There is nothing about Bubba Watson that makes you think “great champion.”
He is a champion, no doubt, and he has the green jacket in his closet at home to prove it.
But nothing he has done since that magic week in April of 2012 could be used as evidence that he’s a great champion.
He is, however, flighty, whiny and fidgety, and he carries a considerable attitude under that floppy mop of hair.
The first three adjectives are pretty much part and parcel of the Bagdad, Florida native’s makeup and probably can’t be changed. That attitude, however, is perhaps the biggest thing keeping him from playing like he did in the 2012 Masters.
In 2010, Watson was a very unhappy man in addition to those other adjectives.
He was wound up tighter than a drum, and every shot, good or bad, was life or death. His caddie, Ted Scott, and trainer, Andrew Fischer, let him have it over dinner one night.
They brought to his attention what he had become, and he began the process of rehabilitation. And that talk took place over a year before he won the Masters.
That talk, plus the adoption of a child, seemed to right Watson’s listing ship, at least in terms of how he comported himself.
Other than his winning week at the Masters, however, the “talked-to” Watson hasn’t become much more of a golfer than he was before.
Since tying for second in the Travelers Championship last year, he hadn’t been in really serious contention for another title until this week at the Travelers.
While he was in a dogfight at the top of the leaderboard, he was clearly the most talented player in a group that included Chris Stroud, Ken Duke and others.

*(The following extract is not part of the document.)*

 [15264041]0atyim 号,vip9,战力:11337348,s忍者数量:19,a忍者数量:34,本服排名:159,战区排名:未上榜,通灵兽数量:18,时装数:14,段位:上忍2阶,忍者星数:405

But you could see those Bubba-isms starting to creep to the forefront as he made his way to the back nine Sunday.
Backing off shots, changing his pre-shot routine and happy feet all made their way into Bubba’s bag.

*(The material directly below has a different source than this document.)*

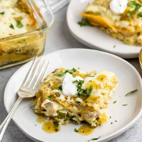 This casserole is fantastic for leftovers, and I often find it tastes even better the next day! Once it’s cooled down, you can store any remaining portions in an airtight container in the refrigerator for up to 3-4 days. I usually just cover the baking dish tightly with plastic wrap or foil if there’s still some left in the original pan. When you’re ready to reheat, you have a few options. For individual portions, you can pop a slice in the microwave for about 1-2 minutes, or until heated through. If you’re reheating a larger amount, placing the covered dish back in a 350°F (175°C) oven for about 15-20 minutes works beautifully to bring it back to that bubbly, fresh-from-the-oven state. If it seems a little dry after reheating, a small splash of water or a dollop of sour cream on top can revive it. I don’t typically recommend freezing this casserole once it’s baked, as the texture of the tortillas can get a bit mushy upon thawing. However, you *can* assemble the casserole completely (up to the baking step), wrap it tightly in plastic wrap and then foil, and freeze it for up to 2 months. Thaw it overnight in the refrigerator before baking as directed, possibly adding a few extra minutes to the bake time.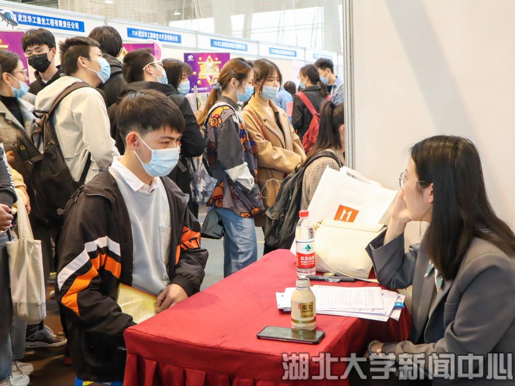 3月31日上午,湖北省2021届“湖北百校联动”高校毕业生供需见面会暨beats365唯一官方网站2021届毕业生春季大型供需见面会在beats365唯一官方网站三号体育馆举行。这是该校疫后首场大型线下招聘会,来自教育、生物医药、制造业等行业的332家用人单位提供了上万个就业岗位,招聘会线上线下同步开展,吸引了校内外4000余人前来求职。

Then the blowup came. On the par-three, 171-yard 16th hole, Watson’s tee shot found the water. Clearly audible on the CBS broadcast, Watson said to his caddie, “You’re telling me that’s the yardage? This club?”

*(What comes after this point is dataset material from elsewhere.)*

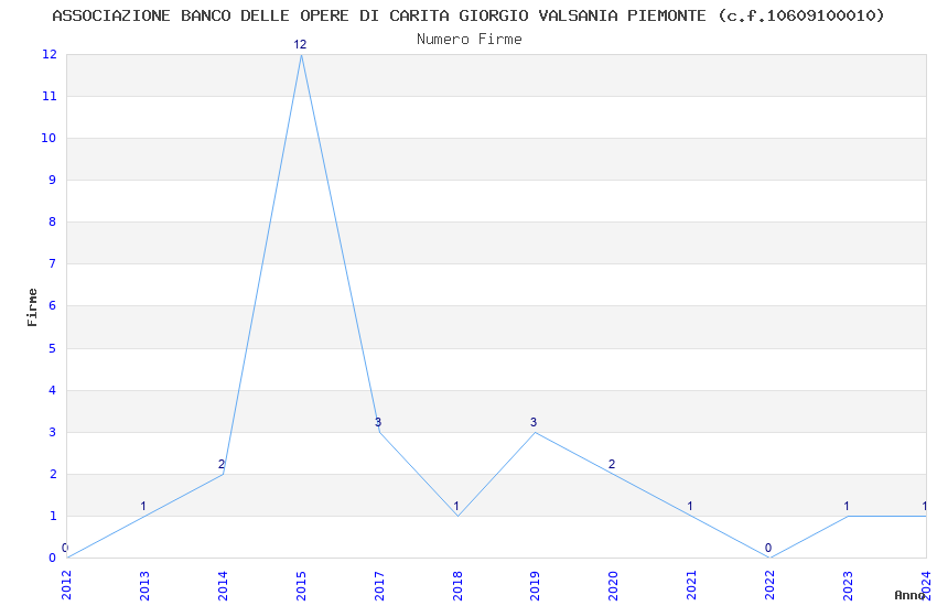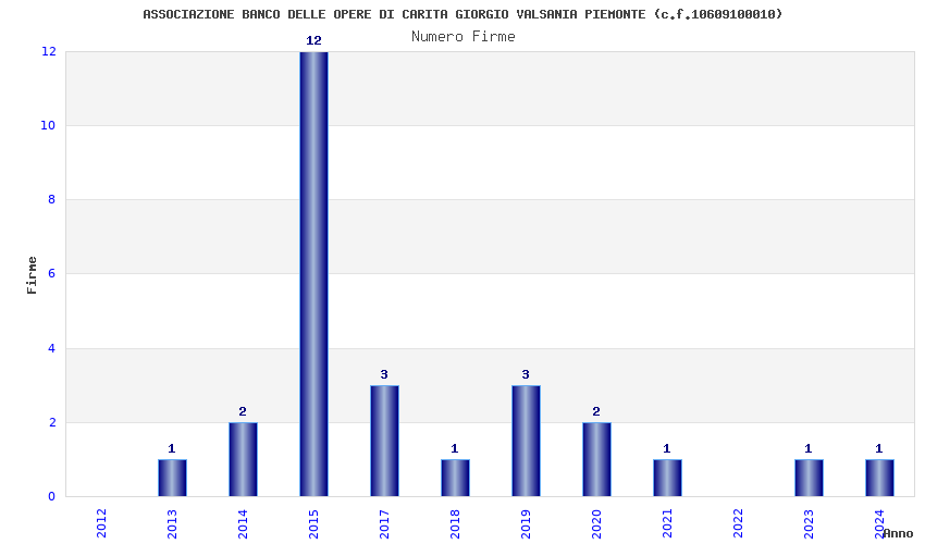 | Anno | Firme | Importi | Media | Naz. | Reg. | Prov. | Comu. |

And then from the drop area, he hit a shot that was too long. When he finally got on the green, he could be heard firing another salvo in the direction of the caddie: “There’s no reason for you to show up.”
All of that led to a triple bogey and took Watson out of contention.
I understand the "heat of the moment" thing. I do. Great champions, however, don't melt down on national television after hitting a couple of bad shots with bad results.
While Watson and his fans looked at his Masters triumph as getting to the mountaintop, it was my contention then, and it is my contention now, that he isn't a major champion kind of player.
He'll win again a few times on the PGA Tour, and he'll make a lot of money, but he'll never be able to duplicate the lightning he captured in a bottle at Augusta National Golf Club.
Watson lacks the consistency and focus needed to participate and dominate at the highest level of professional golf.
He is one of the most creative players the game has seen for many years. He can pull off shots (like the 40-yard hook from the trees in the Masters playoff) very few others can.
But there are too many demons at work to allow him become more than a one-hit wonder.
The answer to the question of what Bubba Watson is missing is simple: a lot of things. Mostly, however, it's a matter of him needing to mature
Having the right stuff to be considered one of the best in the game?